En la sala de urgencias espero mientras Tapia habla por mí. Soy la única que llora. Levanto la mano para que me miren. Siento mi pierna ardiendo pero ahora sí es cierto que falta poco. Muerdo mi brazo y dejo de llorar ahora para siempre. Tapia se sienta a mi lado y ahora sí me consuela, me abraza y yo le digo con risa que quizá lo merezco.

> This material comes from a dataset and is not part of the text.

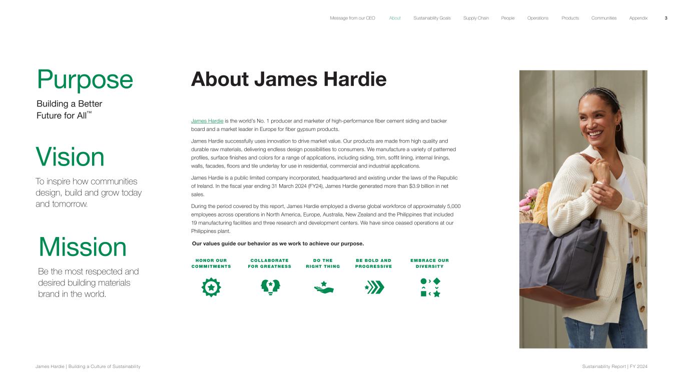 About James Hardie James Hardie is the world’s No. 1 producer and marketer of high-performance fiber cement siding and backer board and a market leader in Europe for fiber gypsum products. James Hardie successfully uses innovation to drive market value. Our products are made from high quality and durable raw materials, delivering endless design possibilities to consumers. We manufacture a variety of patterned profiles, surface finishes and colors for a range of applications, including siding, trim, soffit lining, internal linings, walls, facades, floors and tile underlay for use in residential, commercial and industrial applications. James Hardie is a public limited company incorporated, headquartered and existing under the laws of the Republic of Ireland. In the fiscal year ending 31 March 2024 (FY24), James Hardie generated more than $3.9 billion in net sales. During the period covered by this report, James Hardie employed a diverse global workforce of approximately 5,000 employees across operations in North America, Europe, Australia, New Zealand and the Philippines that included 19 manufacturing facilities and three research and development centers. We have since ceased operations at our Philippines plant. Purpose Building a Better Future for All™ Our values guide our behavior as we work to achieve our purpose. HONOR OUR COMMITMENTS BE BOLD AND PROGRESSIVE EMBRACE OUR DIVERSITY COLLABORATE FOR GREATNESS DO THE R IGHT THING Vision To inspire how communities design, build and grow today and tomorrow. Mission Be the most respected and desired building materials brand in the world. 3 James Hardie | Building a Culture of Sustainability Sustainability Repor t | FY 2024 About Sustainability Goals Supply Chain OperationsMessage from our CEO People Products Communities Appendix

Ahora en mi pierna hay una cadena de pintitas rojas con punta blanca pero no hinchada, como espinillas secas. La fragata portuguesa está en todas las noticias, pero nunca la vi. Es sabido que el que esto pase es mala suerte y debo aceptar la mala suerte, debo entregarme a la mala suerte. Como cuando me robaron el celular, como cuando me atropelló una bicicleta, como cuando me escupieron en la cara. Quienes no me quieren, entérense Hoy pagué por mis pecados. Ahora, vuelvan a mí.